你plot一下就知道是什么了。我的理解:
energy其实就是每帧各频率的值,你可以理解为傅里叶变换各正弦曲线的系数。

音调取决于基频(Fundamental frequency), 即你看到频谱图最亮的那条频率。音色取决于非基频的其他部分,也称泛音。

抱歉此部分代码找不到了,工作其实很容易理解:

Dataset: arctic

speaker1, audio1 记作 S1, A1
speaker1, audio2 记作 S2, A2

设想我们可以将Content和Style完全分离,训练一个网络同时优化两个模块,优化:
loss_content = min(dist(S1A1, S2A1) + dist(S1A2, S2A2))
loss_style = min(dist(S1A1, S1A2) + dist(S2A1, S2A2))

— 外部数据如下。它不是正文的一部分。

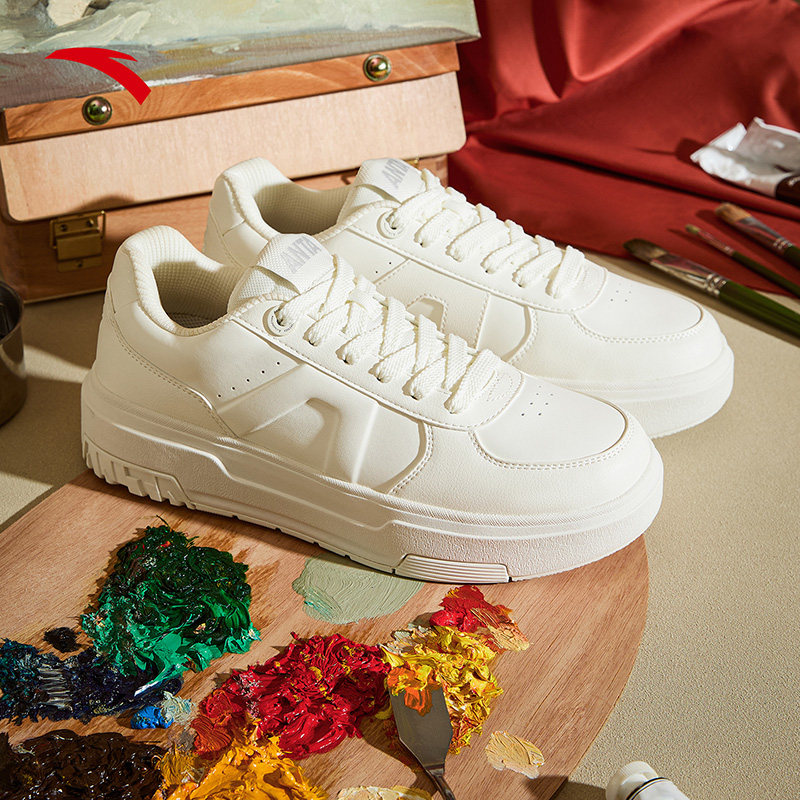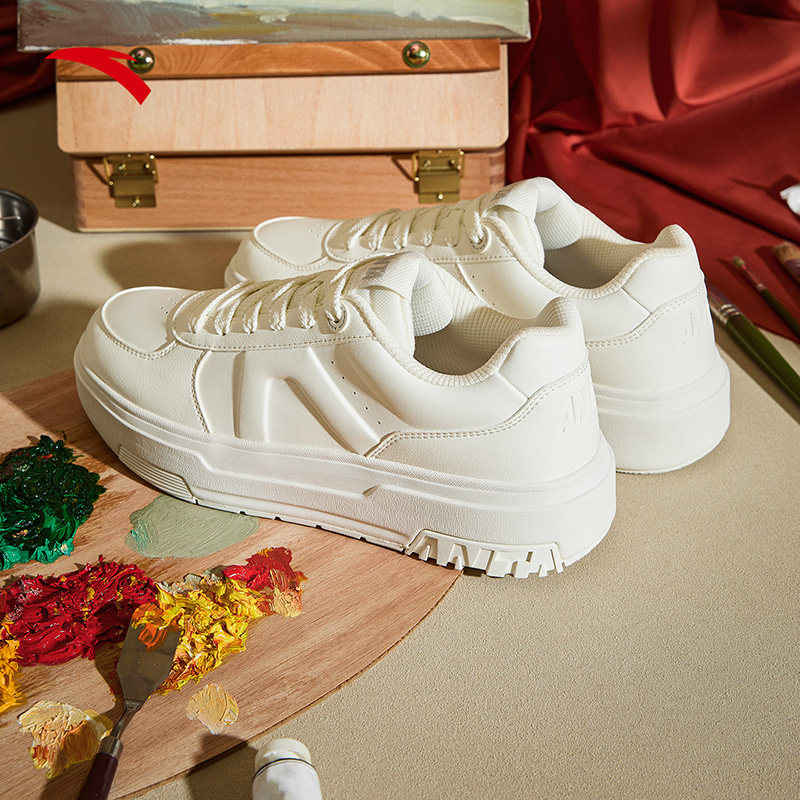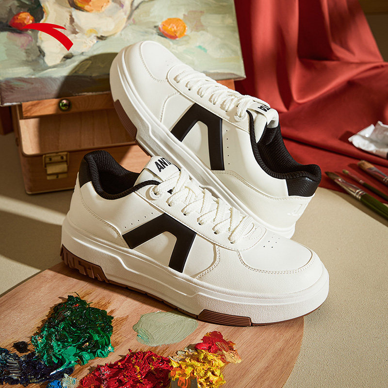 安踏A道丨低帮厚底增高板鞋男简约撞色小白鞋百搭男鞋112548026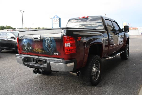 For sale we have a 2013 Chevy Silverado LTZ crew cab Duramax. This is a like brand new 1 owner with only 36,000 miles! American Luxury Coach custom Z82 conversion out of South Carolina. Features two-tone metallic paint scheme, leather interior, 20" chrome wheels on all terrain tires, leather interior, dual power/heated seats, touch screen radio w/ mp3/usb/aux, bluetooth, navigation, Bose sound back-up camera w/ sensors, tow pkg w/ built-in brake box, DVD entertainment, chrome step bars, cowl hood, chrome push bumper, hard tonneau cover, keyless entry w/ remote start, power windows and locks, cruise, tilt, air and so much more! Priced at just $42,900 For more info visit our website at www.dansofbiglake.com or give us a call at 763-262-6500 Thanks!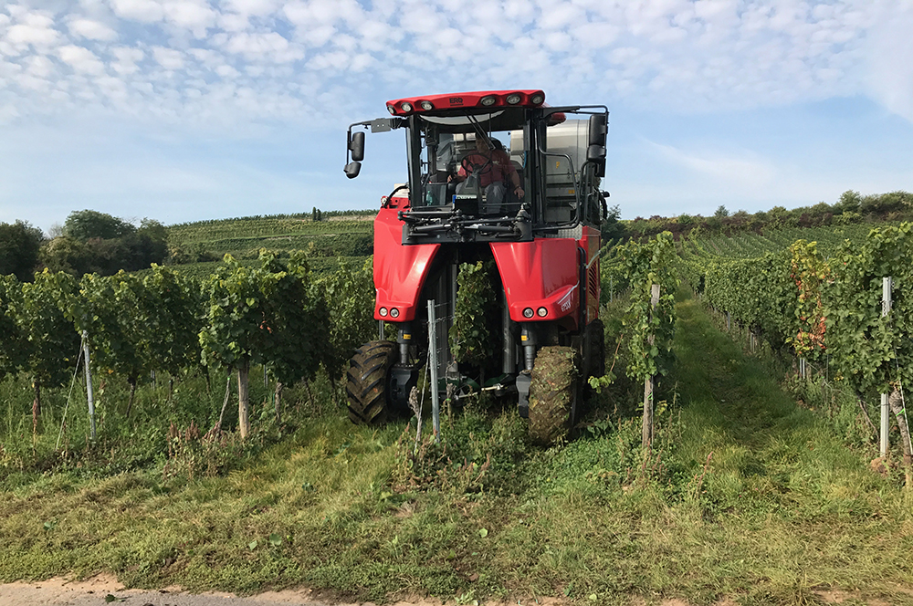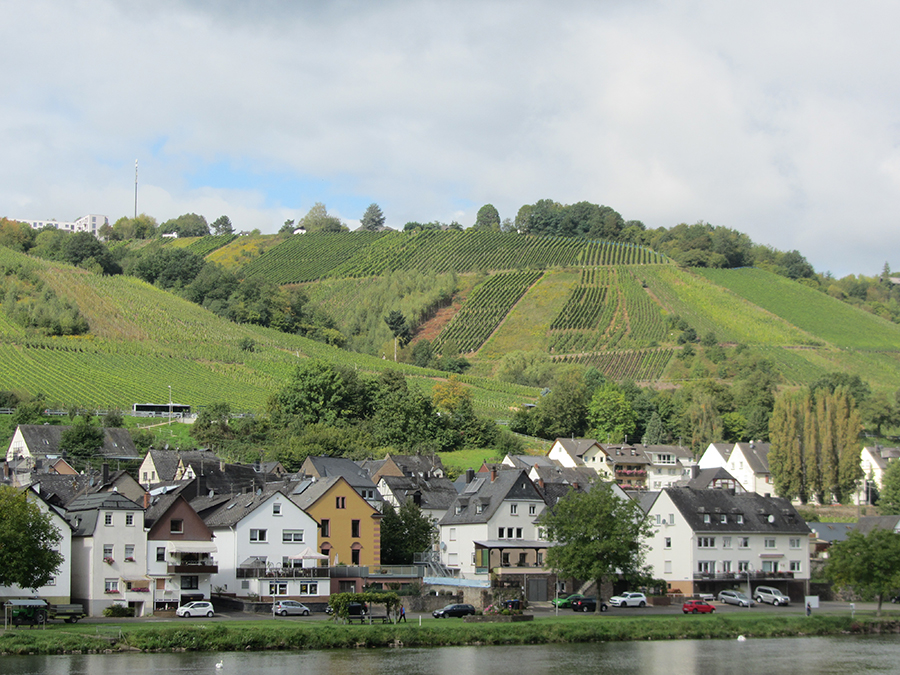Vi åkte längs Moseldalen med sina vackra vyer där vinfälten klättrade på bergssluttningar. Här skördade man allt för hand och för att kunna göra det på de branta sluttningarna har man byggt små liftstolar som går på räls för att komma upp. På slättlandet skördar man mest maskinellt.

from randomcnn-voice-transfer.

Sun-Ziyi avatar Sun-Ziyi commented on July 23, 2024

谢谢大佬!
但是对于代码实践方面,我还是存在疑惑:
我大概明白了你的“优化Content和Style的loss模块”,但是可否直接在你这篇代码的输入input上做修改呢?
CONTENT_FILENAME = basepath + "boy18.wav" STYLE_FILENAME = basepath + "girl52.wav"
把内容语音的input改为多个不同人说的boy18.wav内容(boy18-1.wav、boy18-2.wav、boy18-3.wav)
把风格语音的input改为同一个人girl52说的不同内容(girl52-1.wav、girl52-2.wav、girl52-3.wav)
由于小弟Python不精,不知该如何修改

from randomcnn-voice-transfer.

mazzzystar avatar mazzzystar commented on July 23, 2024

其实就是选择一种网络结构,然后构建这content和style模块,训练网络就行。对于一段新audio,经过已经训练好的网络得到content feature和style feature,再用style transfer的**做就行了。

网络构建可以看看PyTorch官网吧。

from randomcnn-voice-transfer.

Sun-Ziyi avatar Sun-Ziyi commented on July 23, 2024

谢谢!

from randomcnn-voice-transfer.

mazzzystar avatar mazzzystar commented on July 23, 2024

@Sun-Ziyi
刚看到这篇可能和你想做的比较像
https://researchdemopage.wixsite.com/tts-gan
https://openreview.net/forum?id=ByzcS3AcYX

from randomcnn-voice-transfer.

Sun-Ziyi avatar Sun-Ziyi commented on July 23, 2024

@mazzzystar
thank you!
但是这篇好像处理的是语音的“情绪”,我想弄的是transfer A's style to B。
style:比如王菲空灵的风格、邓丽君甜蜜柔软的风格......
大神,可以帮我个忙吗?我真的很想学习下“我之前也尝试过类似的方法,即用不同说话人、相同内容的语音样本,计算一个loss来抹去speaker information,然后用同一个人的不同句子,计算另一个loss抹去content information,但训练效果并不好。”您的这篇代码,您可否再编编程?就相当于你这篇代码的番外了。
由于我既不是通信专业的、在数学本专业上又只会看看理论,代码着实让我头大啊。
!!!好人一生平安!!!

from randomcnn-voice-transfer.

mazzzystar avatar mazzzystar commented on July 23, 2024

Sorry实在非常抱歉。本repo也是我在之前labs里做的,目前已经工作压力也不小,难挤出时间再去尝试新想法且也有其他想法待尝试,未来再看看能否继续试试吧。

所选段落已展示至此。